Where Pith is reading between the lines
- If the added structure actually improves comprehension for neurodivergent users, the same prompting pattern could be adopted in production chat systems.
- The benchmark could be extended to test whether similar adaptations appear for other accessibility contexts such as low-literacy or non-native speakers.
- Longitudinal checks on the same models would reveal whether the observed adaptations remain stable as frontier models are updated.
Load-bearing premise
The four chosen ND profiles, twenty-four prompts, and adversarial masking strategy capture enough real-world neurodivergence contexts and harms for the measured adaptations to generalize.
What would settle it
Re-running the benchmark on new frontier models or prompts yields no statistically significant rise in token count, headings, or step granularity under the fully instructed condition.
Figures
read the original abstract
We examine if frontier chat-based large language models (LLMs) adjust their outputs based on neurodivergence (ND) context in system prompts and describe the nature of these adjustments. Specifically, we propose NDBench, a 576-output benchmark involving two frontier models, three system prompt types (baseline, ND-profile assertion, and ND-profile assertion with explicit instructions for adjustments), four canonical ND profiles, and 24 prompts across four categories, one of which involves an adversarial masking strategy. Four trends emerge consistently from our findings. First, LLMs show significant adaptation under ND context, where fully instructed conditions yield lengthier and more structured outputs, characterized by higher token counts, more headings, and more granular steps (p < 10^-8, Holm-corrected). Second, such adaptation is largely structural in nature: although list density does not change much, there is a marked rise in the frequency of headings and per-step detail. Third, ND persona assertion alone fails to suppress potentially harmful tendencies, as masking-reinforcement decreases only in explicitly instructed cases (36-44% reduction); the reduction rate barely changes in persona assertion conditions. Moreover, reliability analysis of LLM-based harm assessment reveals that only two out of the six dimensions (masking and reinforcement, validation quality) exceed the pre-defined inter-judge agreement criterion (alpha >= 0.67) and thus can be considered primary results. NDBench is made publicly available along with its prompts, outputs, code, and other resources, forming a reproducible framework for auditing future LLMs' adaptation to ND awareness.
Editorial analysis
A structured set of objections, weighed in public.
Referee Report
Summary. The manuscript introduces NDBench, a 576-output empirical benchmark assessing how two frontier LLMs adapt responses to neurodivergence (ND) contexts in system prompts. It compares three conditions (baseline, ND-profile assertion, ND-profile assertion with explicit instructions) across four canonical ND profiles and 24 prompts (including an adversarial masking category). Primary findings are statistically significant increases in token counts, headings, and granular steps under fully instructed ND conditions (p < 10^{-8}, Holm-corrected), with adaptations characterized as structural rather than density-based; persona assertion alone does not reduce harmful tendencies such as masking-reinforcement (only explicit instructions yield 36-44% reduction). The work notes that only two of six harm dimensions meet inter-judge reliability (alpha >= 0.67) and publicly releases all prompts, outputs, code, and resources.

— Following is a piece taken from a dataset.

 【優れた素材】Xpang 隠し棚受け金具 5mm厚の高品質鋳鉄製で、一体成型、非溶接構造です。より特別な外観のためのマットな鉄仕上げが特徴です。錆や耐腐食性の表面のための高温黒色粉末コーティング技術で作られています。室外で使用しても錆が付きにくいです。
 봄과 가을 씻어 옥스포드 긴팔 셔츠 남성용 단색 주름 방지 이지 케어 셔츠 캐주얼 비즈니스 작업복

Significance. If the results hold, this provides a reproducible, artifact-released measurement framework for auditing surface versus structural changes in LLM outputs under ND-aware prompting. The objective, automatically measurable metrics (token counts, heading frequencies, step granularity) for the primary adaptation claim are robust and directly verifiable from the released data. Public release of the full benchmark strengthens the contribution by enabling independent replication of the reported statistics and Holm-corrected tests. The work highlights that explicit instructions, rather than persona assertion alone, drive meaningful adaptations, offering a practical tool for future studies of inclusive AI behavior.

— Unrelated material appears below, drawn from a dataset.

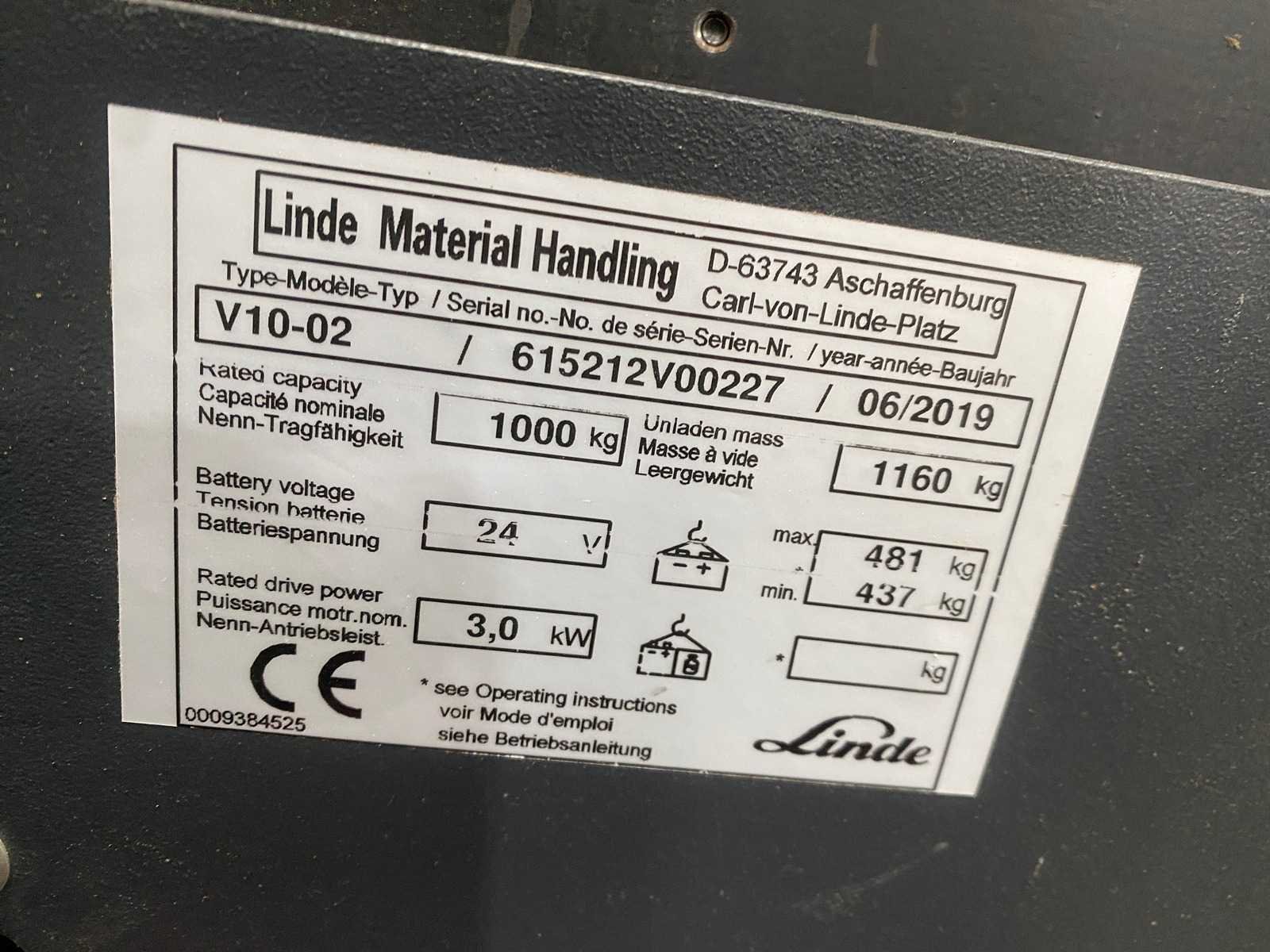 Merk: Linde Type: V10-02 Bouwjaar: 2019 Serienummer: 615212V00227 Hefvermogen: 1000kg Hefhoogte: 1070mm Lepellengte: 1150mm Accu lader: true Afgelezen urenstand: 5111 Eigen gewicht: 1641kg Totale afmeting L: 1700mm Totale afmeting Breedte: 800mm Totale afmeting Hoogte: 1620mm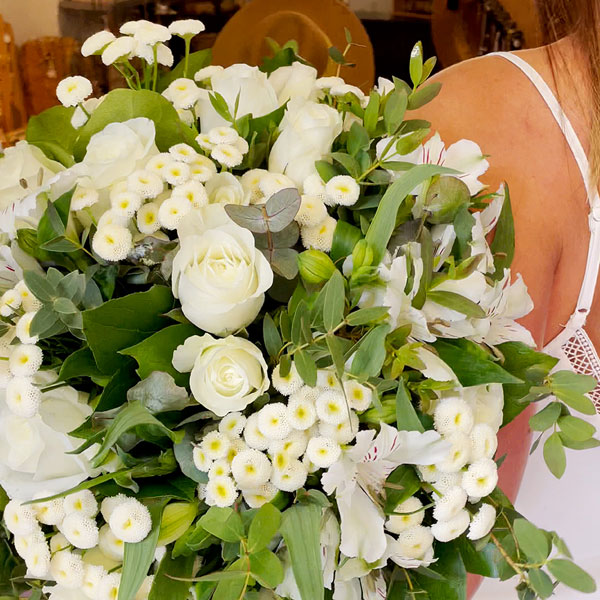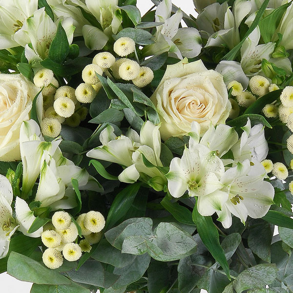 Bouquet rond dans les tons blanc et vert composé de roses, alstromérias, matricaires et feuillages.

Simulated Author's Rebuttal
We thank the referee for their positive and constructive review, including the clear summary of our NDBench framework, the recognition of its reproducibility through public artifact release, and the recommendation for minor revision. We are pleased that the objective metrics and statistical findings were viewed as robust.
Circularity Check
No significant circularity identified
full rationale
This is a purely empirical benchmark study measuring surface features of LLM outputs (token counts, headings, list density, step granularity) under controlled prompting conditions, with statistical tests (p < 10^-8, Holm-corrected) applied to the resulting counts. No mathematical derivations, equations, fitted parameters presented as predictions, or self-citations that bear the load of the central claims are present. The primary results rest on objective, automatically extractable metrics from publicly released prompts, outputs, and code, making the work self-contained and externally verifiable without reduction to its own inputs.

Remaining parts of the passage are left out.